The process for this clustering algorithm is the same as for the K-means, the only difference is the clustering algorithm. All parameters are the same as in K-means: 5 clusters, square Euclidian distance, the only difference is the additional parameter: fuzzyness which has value 2.0

The results

Interpreting the results

Cluster 0 Southwest African lion
Cluster 1 Bengal tiger, Siberian tiger
Cluster 2 Panda, Red panda
Cluster 3 Common nighthawk, Turaco
Cluster 4 Asian elephant, Africa elephant, Koala

This algorithm already gives far better results than the first one just by having the default parameters. The grouping is done far better the only exception that occurs is Koala. The reason for this is very simple, the Koala document only contains 4 sentences and it will always fall into a random group, second, it has no document to which it can be compared to with its data. Placing a document with an animal from Australia and extending the number of clusters will give a far better results. But then again, this will show you which data sticks out and which content you need to modify.

Printing out the data

I prefer to save the results in Excel file instead of repository so that I can analyze them later, but it is not mandatory. Keep in mind that Rapidminer will provide you with lots of statistical data which you actually need to figure out by yourself.

There is no magic.

Process for saving the data in Excel looks as following:

Retrieve – Getting the previously saved repository

WordList to Data – This operator builds a data set from a word list

Generate Report – Generates a new report in PDF, Excel, HTML or RTF format (Note: this is just preparation for writing the file)

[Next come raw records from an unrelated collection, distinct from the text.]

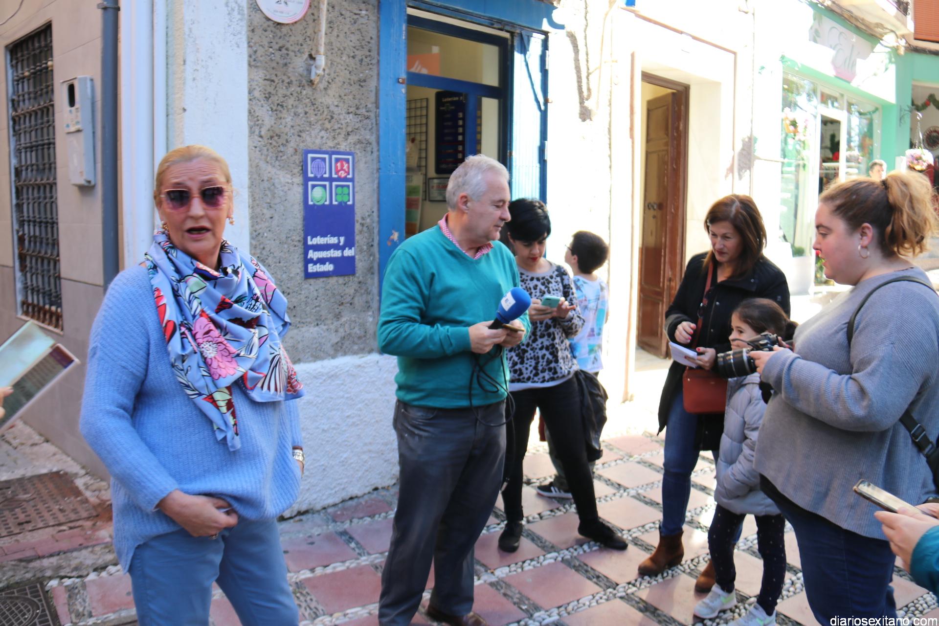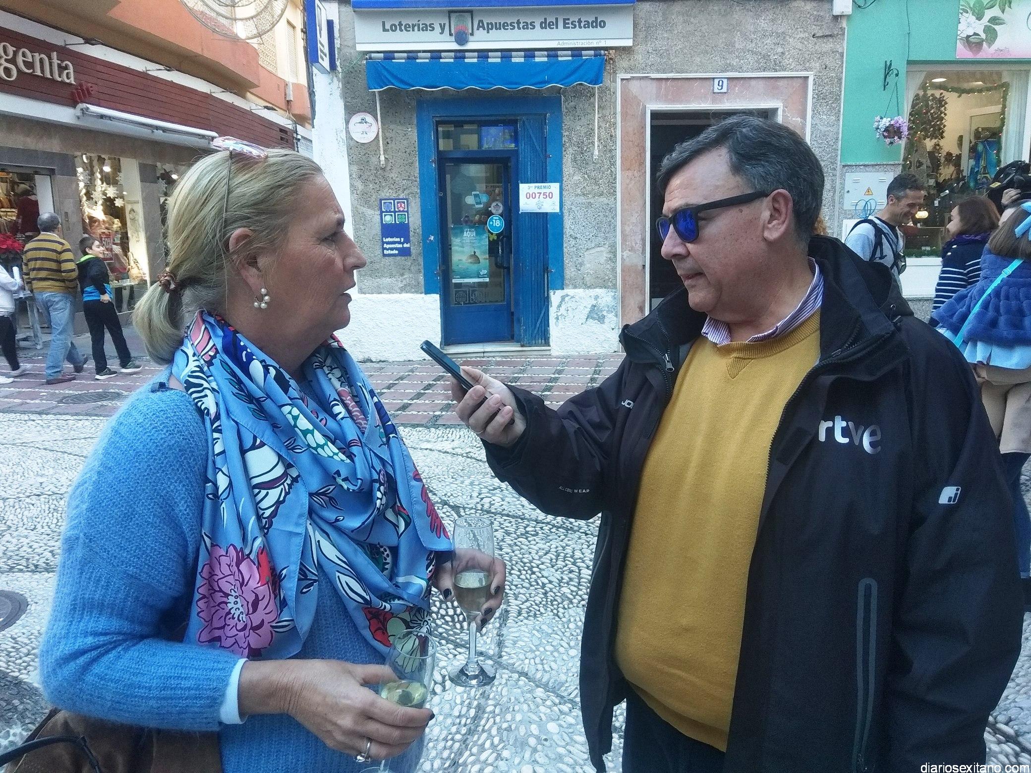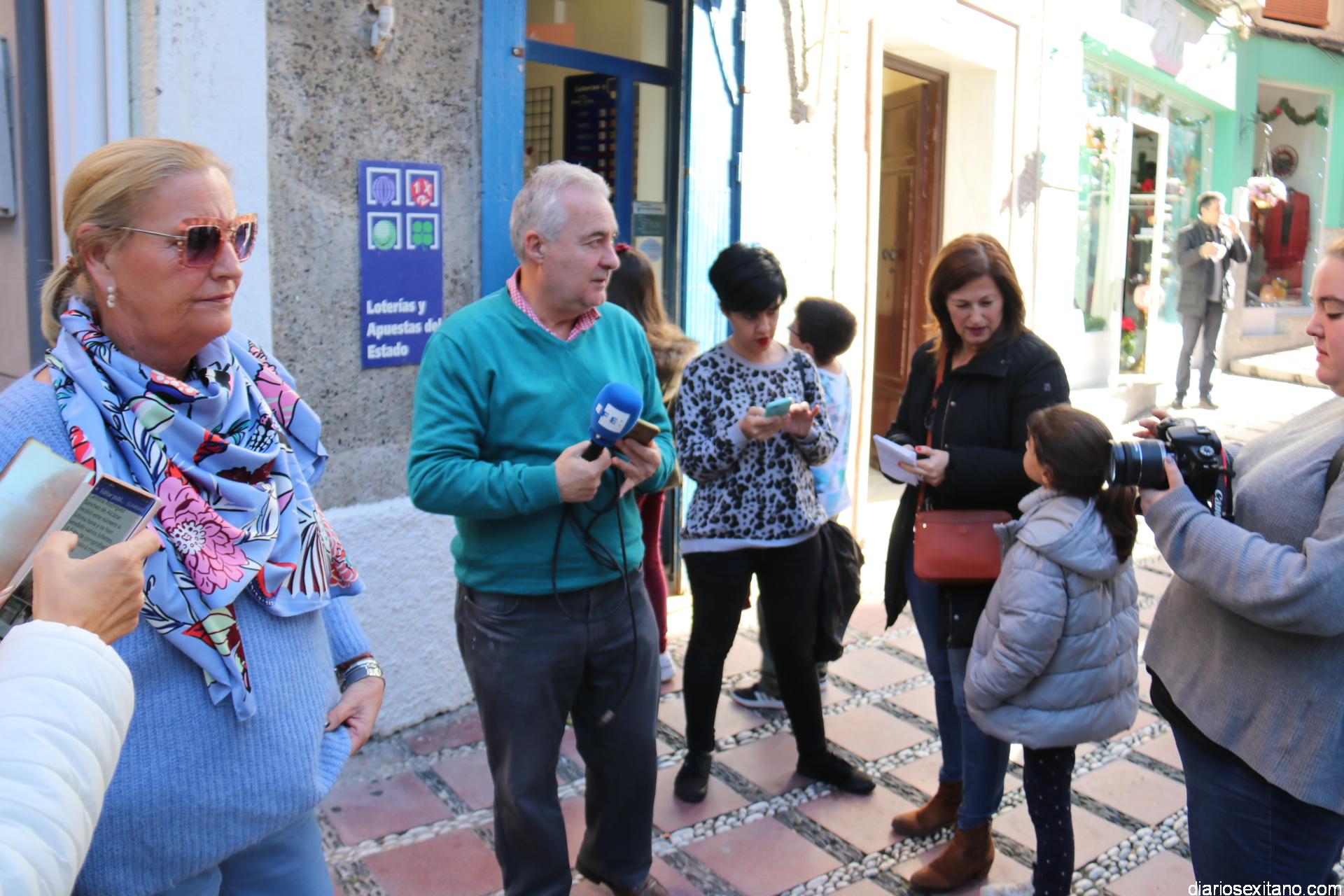 Eran minutos después de la 11 de la mañana cuando cantaban los niños del colegio San Ildefonso cantaban el premio y dado que Almuñécar era la que más billetes había recibido, pusieron rumbo para la citada Placeta sexitana de La Rosa y poco a poco se fue ambientando de periodistas, cámaras de todas la cadenas de televisión y radios, agencias, prensa y fotógrafos…. Eladio Santaella, del Restaurante Los Geraneos, ubicado también al Placeta, fue el que puso la guinda a la mañana con una, dos y hasta tres botellas de cava para plasmar la alegría de la responsable de la Administración y vecinos.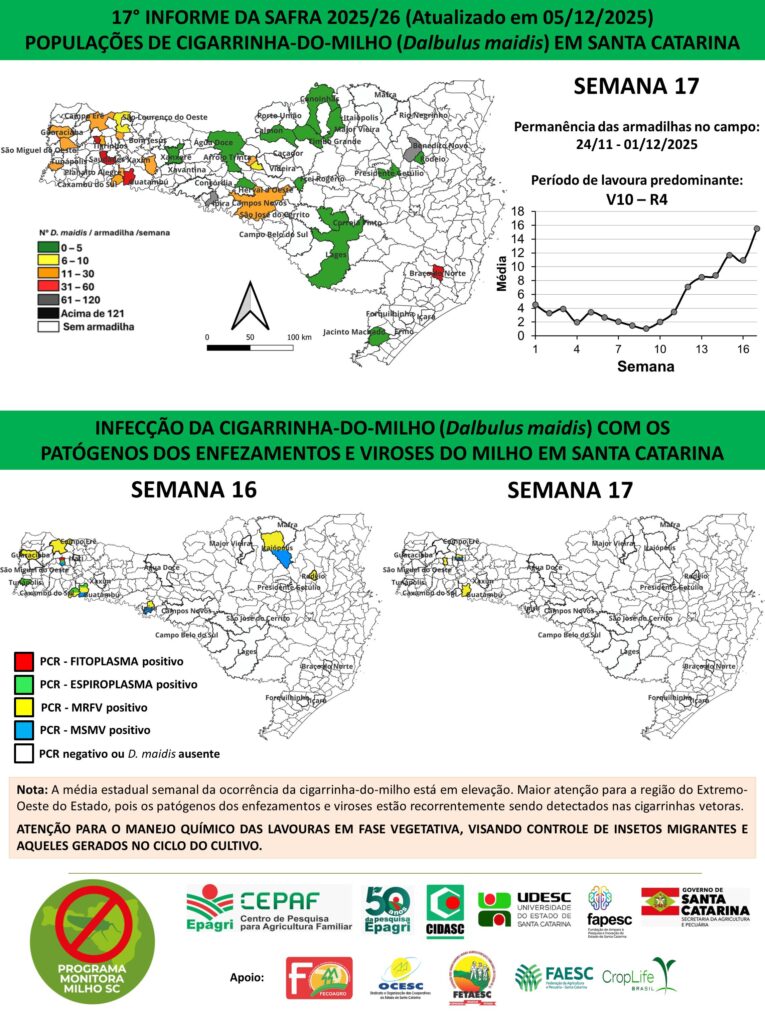 Informes do monitoramento da cigarrinha-do-milho em Sant Catarina safra 2025/26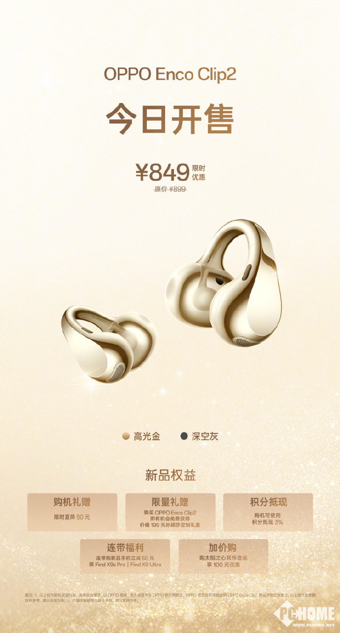 OPPO全新耳夹式耳机——OPPO Enco Clip2今天正式开售,限时优惠价849元,可选择高光金和深空灰配色。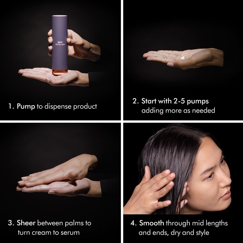 - Use on towel-dried hair before drying and styling. Pump to dispense product. Start with 2-5 pumps, adding more as needed. Sheer between palms. Smooth through mid-lengths and ends. Dry and style as desired with your favorite hair tool. Finish with Dyson Chitosan Post-styling Serum for maximum retention.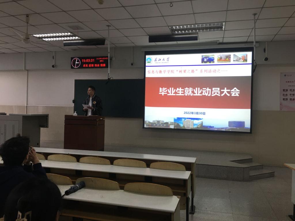 大会伊始,辅导员黄何就目前毕业生就业现状作简要说明,给大家详细讲解了有关就业签约等相关信息,鼓励大家不要逃避就业,勇敢面对。他指出:努力不一定成功,但不尝试一定会失败。
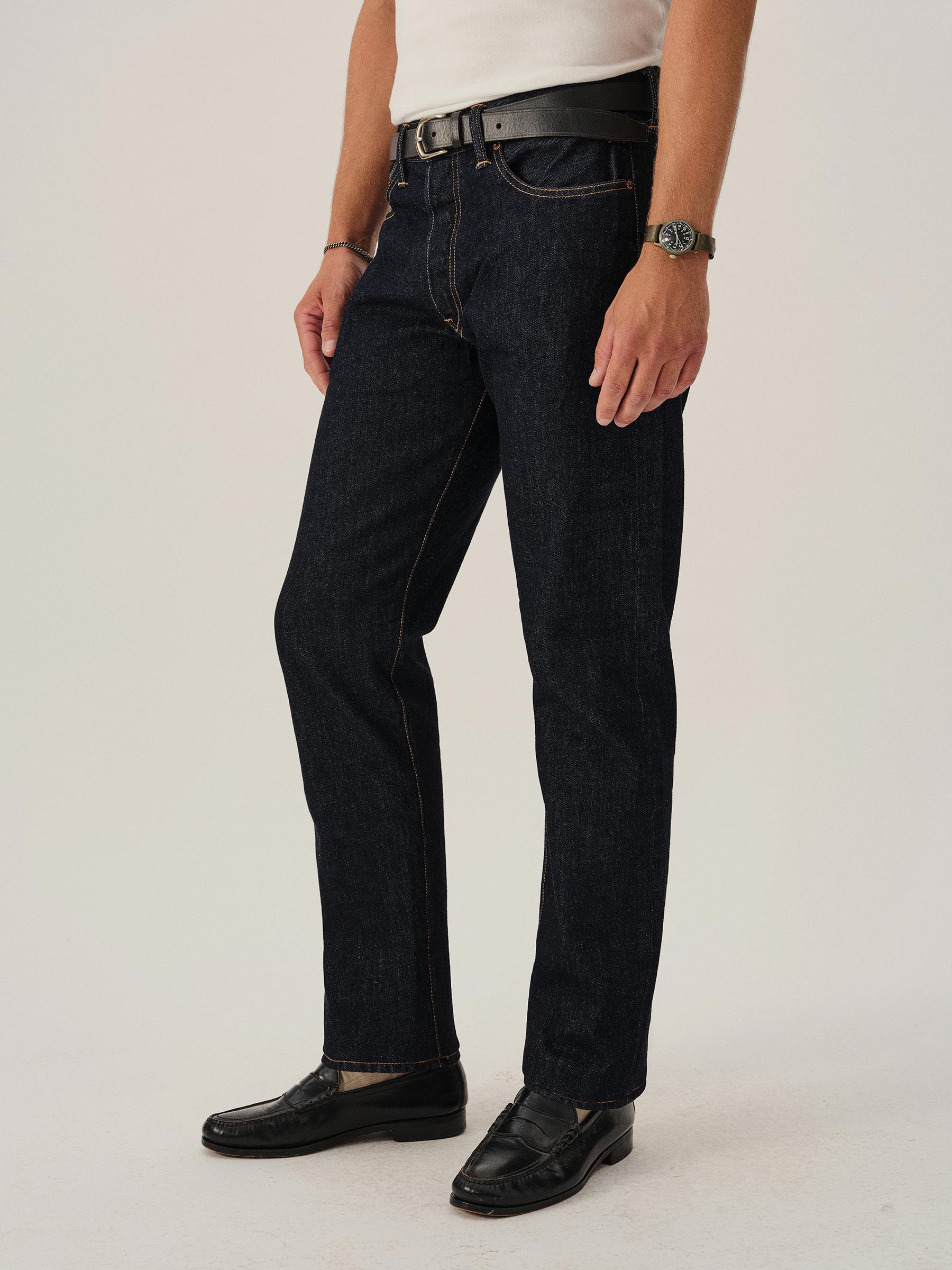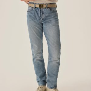A classic 5-pocket jean in our Ford Standard fit: mid-rise, straight through the thighs with a taper below the knee. Inspired by our favorite vintage jeans, this 14 oz denim from Japan-based Kaihara mills has a hint of stretch and an organic texture that develops more character with every wear. Garment rinsed for a lived-in feel. Details include copper rivets and a metal tack button fly.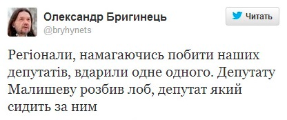 "Регіонали, намагаючись побити наших депутатів, вдарили одне одного. Депутату Малишеву розбив лоб депутат, який сидить за ним", - повідомив Бригинець.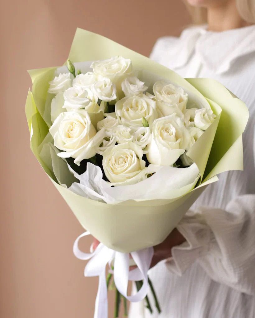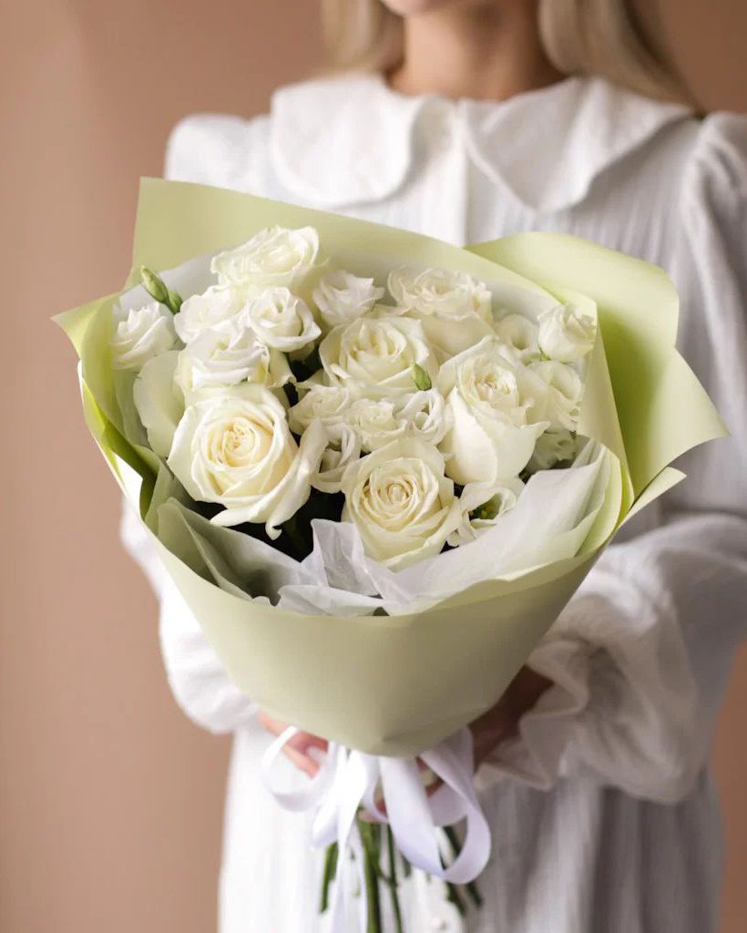 Состав: Роза Playa Blanca - 5 шт, Эустома White - 4 шт, Тишью белая, Матовая пленка бежевая углами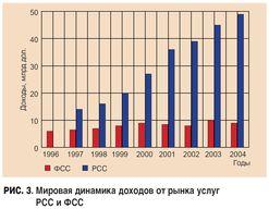 Оборот рынка от предоставления услуг ФСС в 2005 г. составил около 9,4 млрд долларов [1]. Развитие рынка в этой сфере связано в первую очередь с предоставлением услуг на зоновых сетях на основе VSAT-технологии, число таких станций в мире в конце 2004 г. составило около 1 млн [2]. Новым направлением развития ФСС стало в 2005 г. появление на рынках услуг связи США, Канады и Юго-Восточной Азии спутниковых операторов, предлагающих широкополосный абонентский доступ. В июне 2005 г. в США уже 377 291 абонентов пользовались этими услугами [11].

Report – Writing the data into the report. You need to specify which settings you want to be outputted. This example uses the following settings:

The data which is in WordList Data is printed out in Excel. The WordList output looks as follows:

With this, on an overall level, I can see how much each of the words is used and in how many documents it appears (frequency). This is how to get the keywords out, if the same principle gets applied on one document instead of set of documents. Examples where the keywords can be used: SEO, meta tags and search.